> **WORK REQUIRED**: Images do not belong in the copy. Retype all the entries below exactly.

--------------------

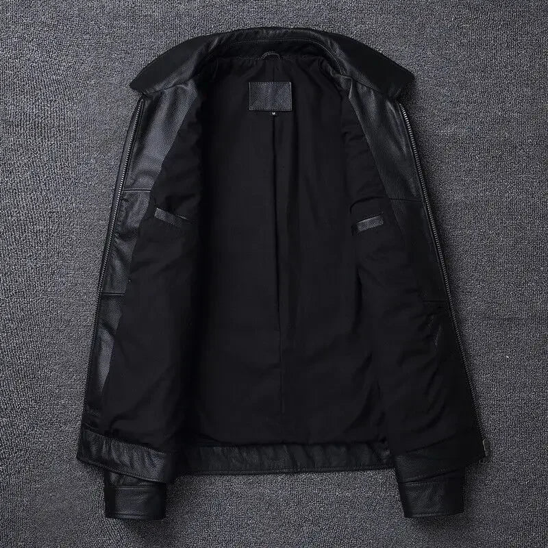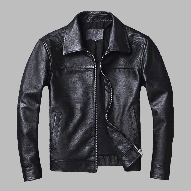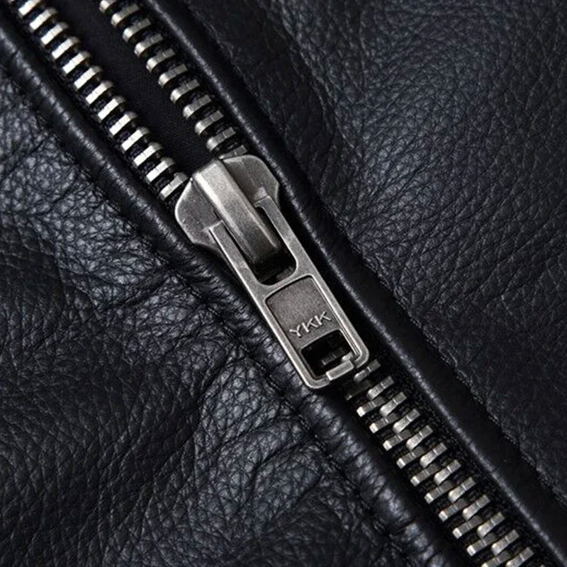 Geacă de piele bărbătească clasică de motociclist, stil metal
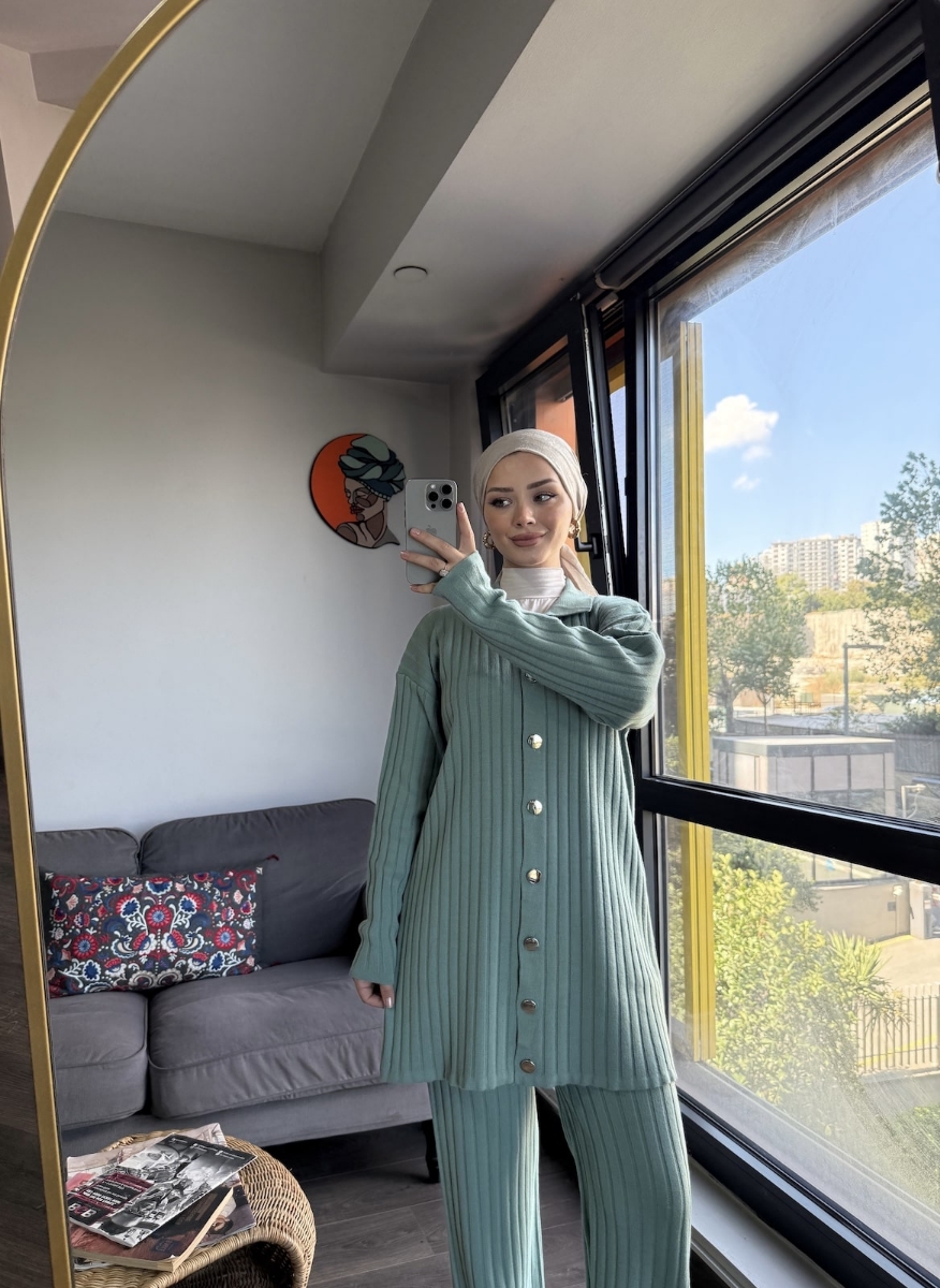 Full Düğmeli İkili Şık Triko Takım
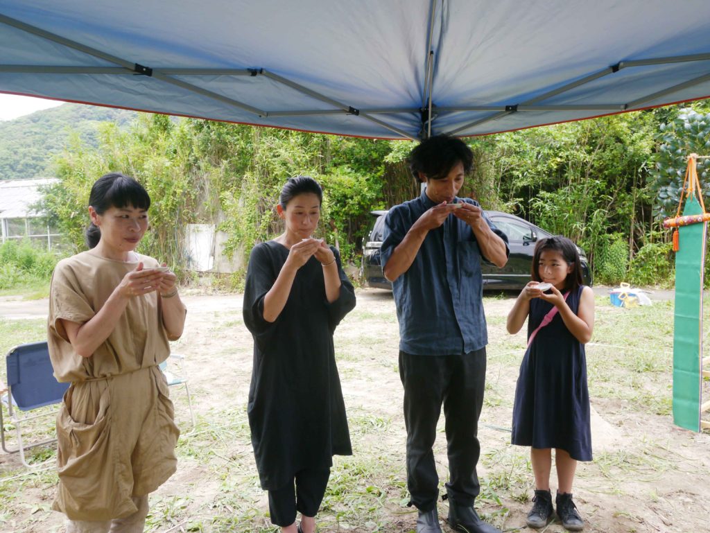 施主様も続いて、お神酒、お塩で祓い清めます!
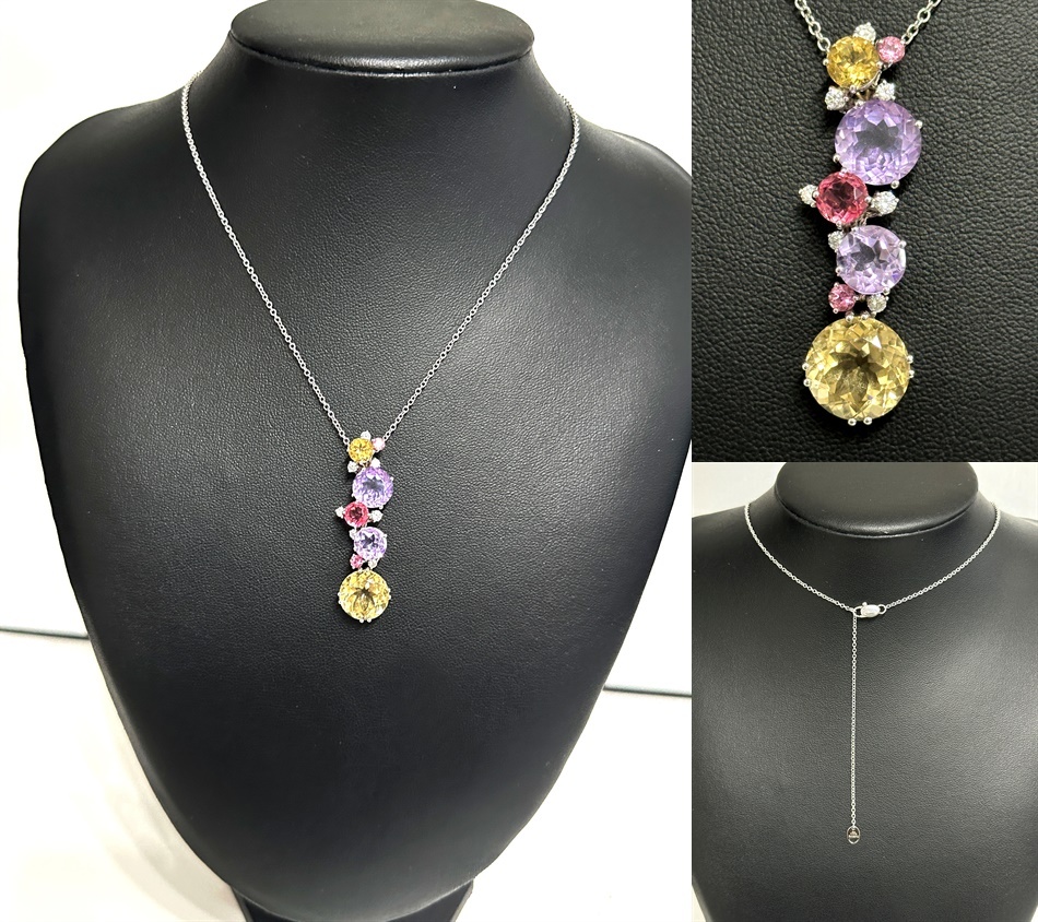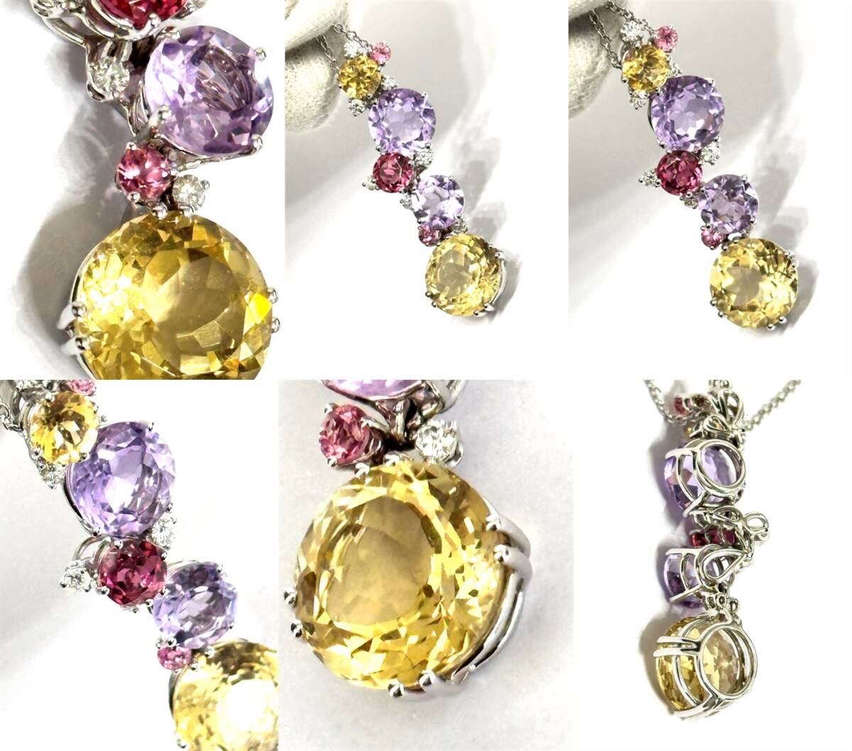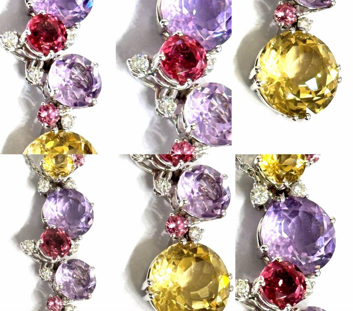 入手困難 レア 美品 DAMIANI ダミアーニ ラヴィアンローズ マルチ 大粒 ダイヤ シトリン アメジスト トルマリン ネックレス K18
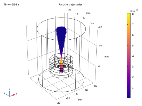 In the Model Builder window, expand the Results>Particle Trajectories (cpt)>Particle Trajectories 1 node, then click Particle Trajectories 1.
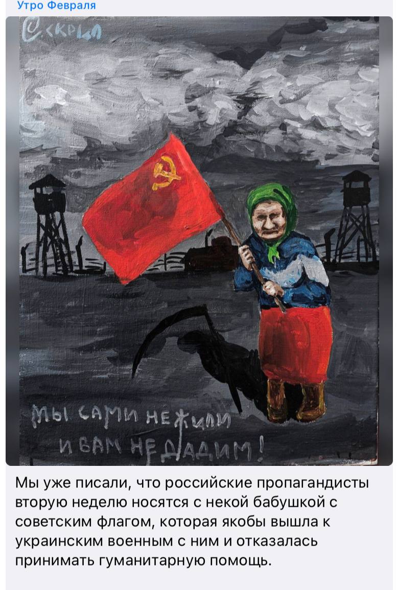 - флаг меняется на продукты, бабушка обнимается. Флаг топчется позже. Посыл: даже такие люди прозревают и ВСУ помогает избавиться от коммунизма в мозгах
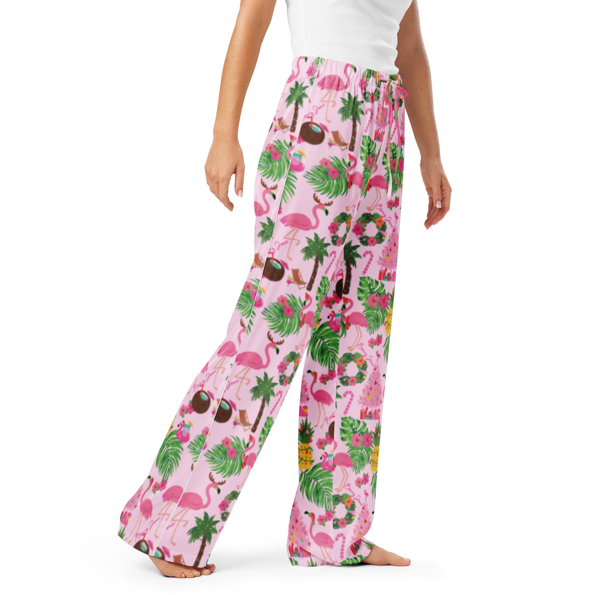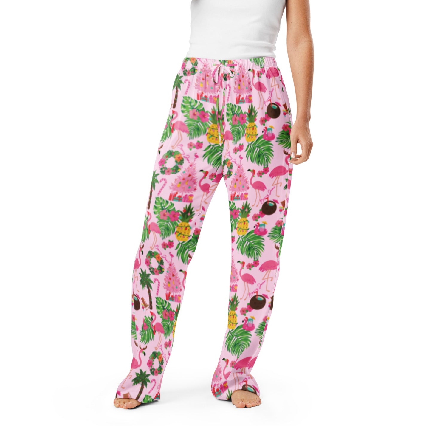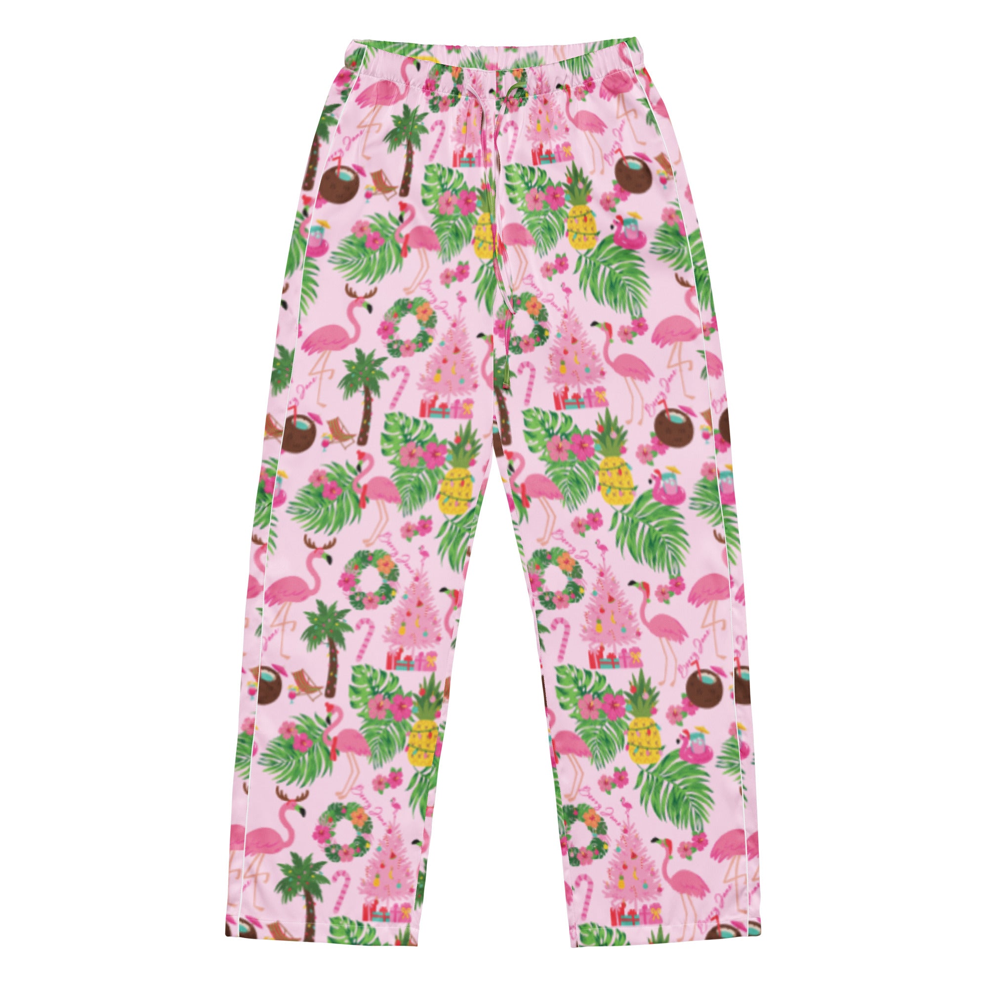 Women’s Pink Christmas Beach Pajama Pants – Flamingo Holiday Print
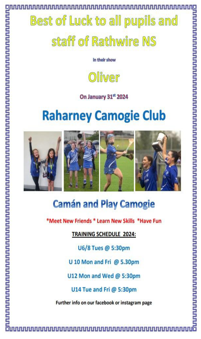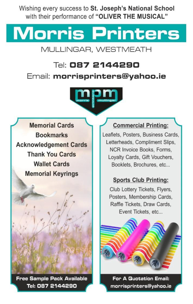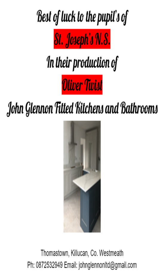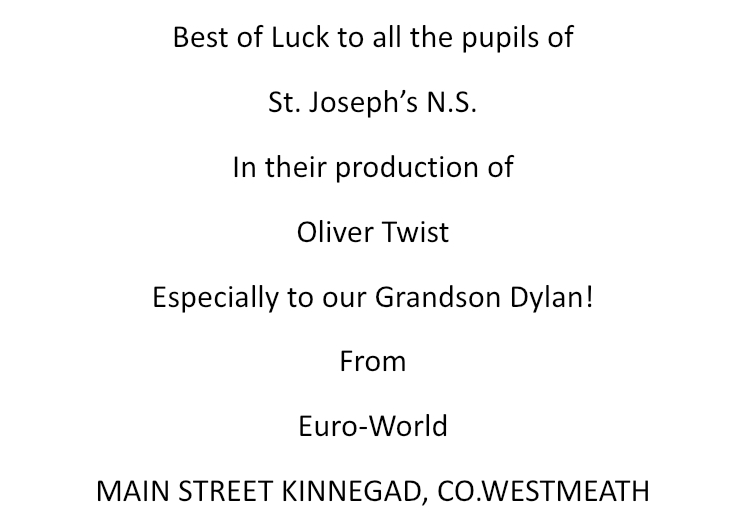 Well done to all of the boys and girls from 6th class on an amazing night of drama in the Mullingar Arts Centre. Oliver the musical was an incredible success. Thank you to Sam and Marie who were kind and patient throughout and a huge thank you to all of the SNA's, our wonderful secretary Pat and to all the teachers for their work and support behind the scenes.
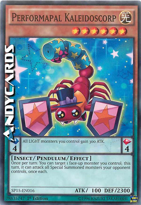 Once per turn: You can target 1 face-up monster you control; this turn, it can attack all Special Summoned monsters your opponent controls, once each. Pendulum Scale: 4 Pendulum Effect: All LIGHT monsters you control gain 300 ATK.

--------------------

> **OUTPUT OF THE EXERCISE**:
 Geacă de piele bărbătească clasică de motociclist, stil metal
 Full Düğmeli İkili Şık Triko Takım
 施主様も続いて、お神酒、お塩で祓い清めます!
 入手困難 レア 美品 DAMIANI ダミアーニ ラヴィアンローズ マルチ 大粒 ダイヤ シトリン アメジスト トルマリン ネックレス K18
 In the Model Builder window, expand the Results>Particle Trajectories (cpt)>Particle Trajectories 1 node, then click Particle Trajectories 1.
 - флаг меняется на продукты, бабушка обнимается. Флаг топчется позже. Посыл: даже такие люди прозревают и ВСУ помогает избавиться от коммунизма в мозгах
 Women’s Pink Christmas Beach Pajama Pants – Flamingo Holiday Print
 Well done to all of the boys and girls from 6th class on an amazing night of drama in the Mullingar Arts Centre. Oliver the musical was an incredible success. Thank you to Sam and Marie who were kind and patient throughout and a huge thank you to all of the SNA's, our wonderful secretary Pat and to all the teachers for their work and support behind the scenes.
 Once per turn: You can target 1 face-up monster you control; this turn, it can attack all Special Summoned monsters your opponent controls, once each. Pendulum Scale: 4 Pendulum Effect: All LIGHT monsters you control gain 300 ATK.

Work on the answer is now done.